-- Exercise material --
====

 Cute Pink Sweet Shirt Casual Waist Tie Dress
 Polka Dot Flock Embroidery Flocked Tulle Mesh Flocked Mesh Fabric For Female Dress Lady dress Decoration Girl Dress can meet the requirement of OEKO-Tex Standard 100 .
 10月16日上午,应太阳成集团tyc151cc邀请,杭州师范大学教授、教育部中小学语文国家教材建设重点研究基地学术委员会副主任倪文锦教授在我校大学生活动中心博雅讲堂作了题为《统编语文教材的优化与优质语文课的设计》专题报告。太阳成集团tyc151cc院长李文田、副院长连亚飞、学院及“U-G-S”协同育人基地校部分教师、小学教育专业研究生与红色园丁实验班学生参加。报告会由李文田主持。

====

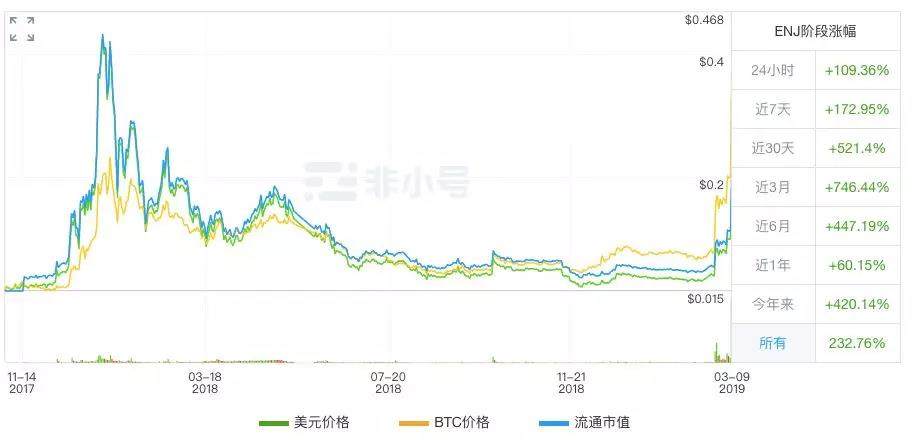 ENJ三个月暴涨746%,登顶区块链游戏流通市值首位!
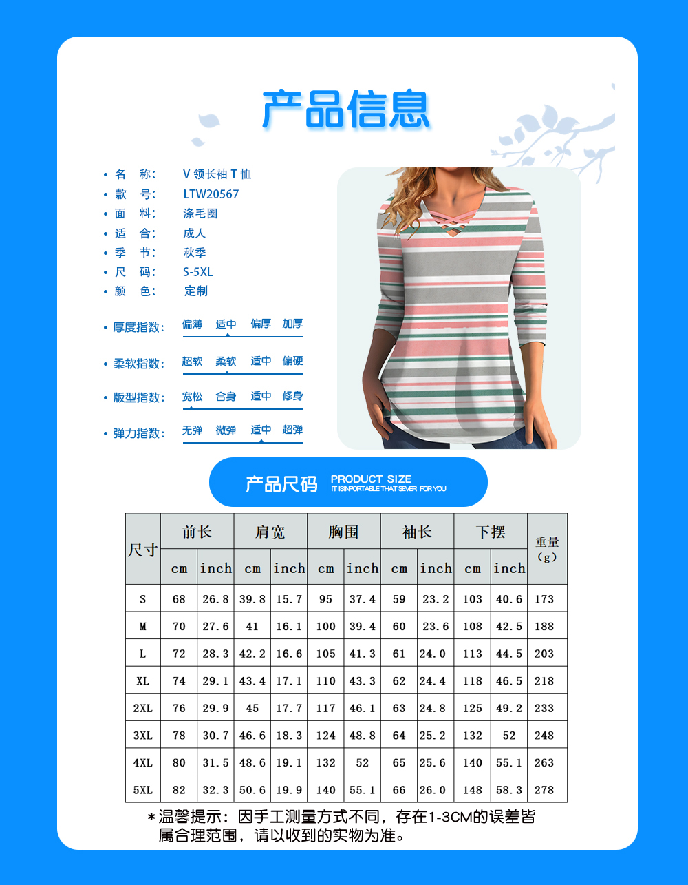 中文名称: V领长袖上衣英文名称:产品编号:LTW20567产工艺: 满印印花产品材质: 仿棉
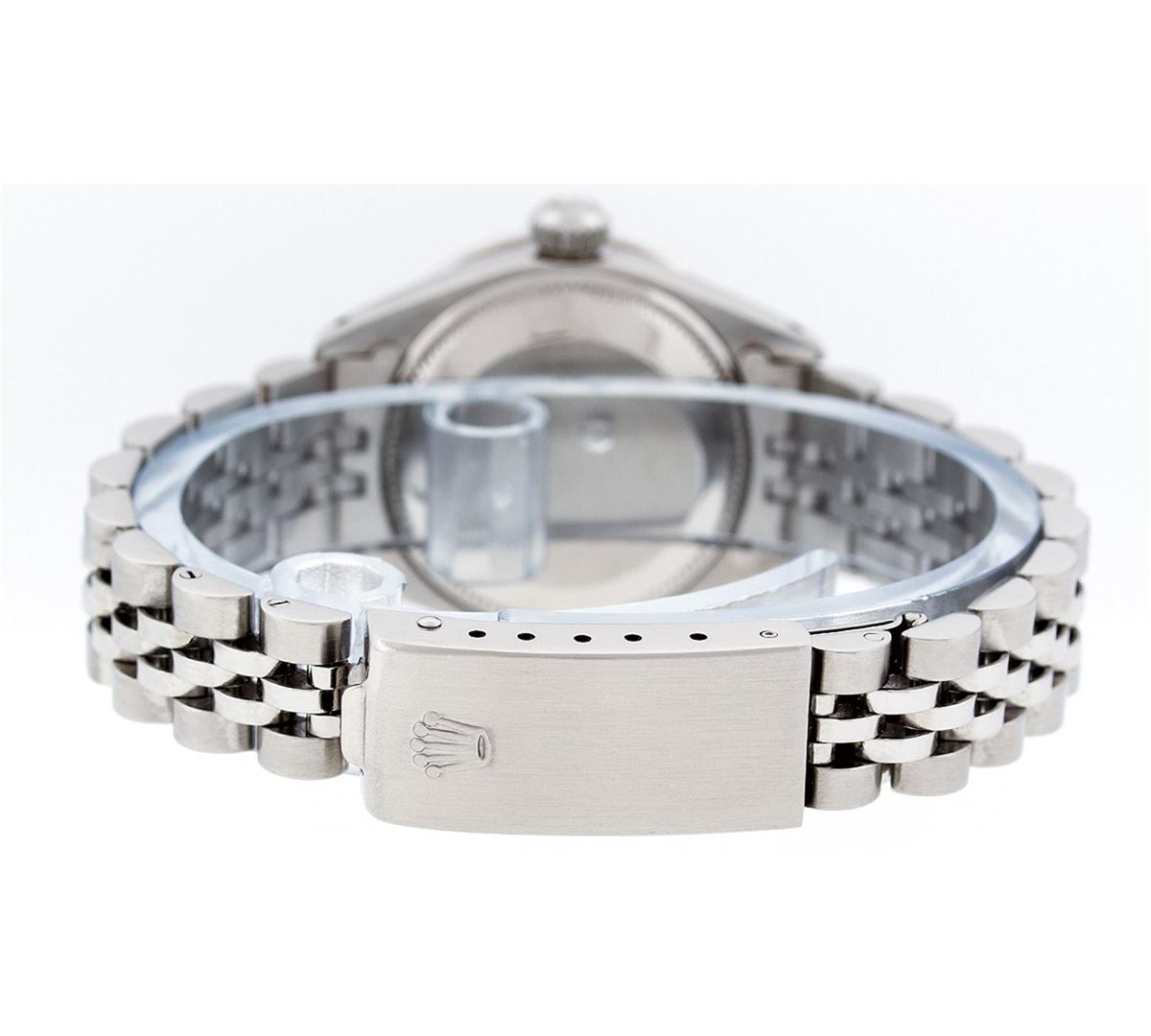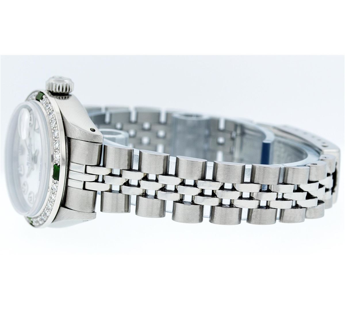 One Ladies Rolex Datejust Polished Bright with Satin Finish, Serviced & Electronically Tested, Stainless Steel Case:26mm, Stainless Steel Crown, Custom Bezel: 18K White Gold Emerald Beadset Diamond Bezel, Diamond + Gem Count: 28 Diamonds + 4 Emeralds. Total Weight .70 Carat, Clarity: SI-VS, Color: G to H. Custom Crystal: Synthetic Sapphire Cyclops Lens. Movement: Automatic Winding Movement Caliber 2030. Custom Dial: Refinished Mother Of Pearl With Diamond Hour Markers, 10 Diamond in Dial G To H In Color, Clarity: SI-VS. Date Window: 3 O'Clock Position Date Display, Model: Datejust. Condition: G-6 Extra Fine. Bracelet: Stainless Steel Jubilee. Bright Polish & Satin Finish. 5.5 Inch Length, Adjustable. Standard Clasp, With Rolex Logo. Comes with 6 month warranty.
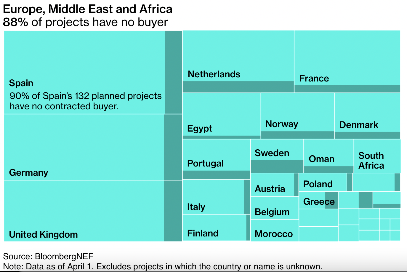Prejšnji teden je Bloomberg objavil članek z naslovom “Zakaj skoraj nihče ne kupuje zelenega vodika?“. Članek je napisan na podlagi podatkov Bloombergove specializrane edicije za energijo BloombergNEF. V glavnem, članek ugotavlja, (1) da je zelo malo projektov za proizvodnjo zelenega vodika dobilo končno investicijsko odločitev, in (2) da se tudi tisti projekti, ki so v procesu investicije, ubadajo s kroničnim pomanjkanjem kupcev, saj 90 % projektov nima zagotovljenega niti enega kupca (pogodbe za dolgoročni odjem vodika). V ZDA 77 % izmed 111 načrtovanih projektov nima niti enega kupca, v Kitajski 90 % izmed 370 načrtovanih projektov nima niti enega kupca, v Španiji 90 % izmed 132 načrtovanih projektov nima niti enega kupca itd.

====

-- Exercise --
Only one stretch of the listing above is to be duplicated: the lines from the one containing "ENJ三个月暴涨746%,登顶区块链游戏流通市值首位!" through the one containing "One Ladies Rolex", both included. Copy them exactly, minus the pictures.

-- Output for this exercise --
 ENJ三个月暴涨746%,登顶区块链游戏流通市值首位!
 中文名称: V领长袖上衣英文名称:产品编号:LTW20567产工艺: 满印印花产品材质: 仿棉
 One Ladies Rolex Datejust Polished Bright with Satin Finish, Serviced & Electronically Tested, Stainless Steel Case:26mm, Stainless Steel Crown, Custom Bezel: 18K White Gold Emerald Beadset Diamond Bezel, Diamond + Gem Count: 28 Diamonds + 4 Emeralds. Total Weight .70 Carat, Clarity: SI-VS, Color: G to H. Custom Crystal: Synthetic Sapphire Cyclops Lens. Movement: Automatic Winding Movement Caliber 2030. Custom Dial: Refinished Mother Of Pearl With Diamond Hour Markers, 10 Diamond in Dial G To H In Color, Clarity: SI-VS. Date Window: 3 O'Clock Position Date Display, Model: Datejust. Condition: G-6 Extra Fine. Bracelet: Stainless Steel Jubilee. Bright Polish & Satin Finish. 5.5 Inch Length, Adjustable. Standard Clasp, With Rolex Logo. Comes with 6 month warranty.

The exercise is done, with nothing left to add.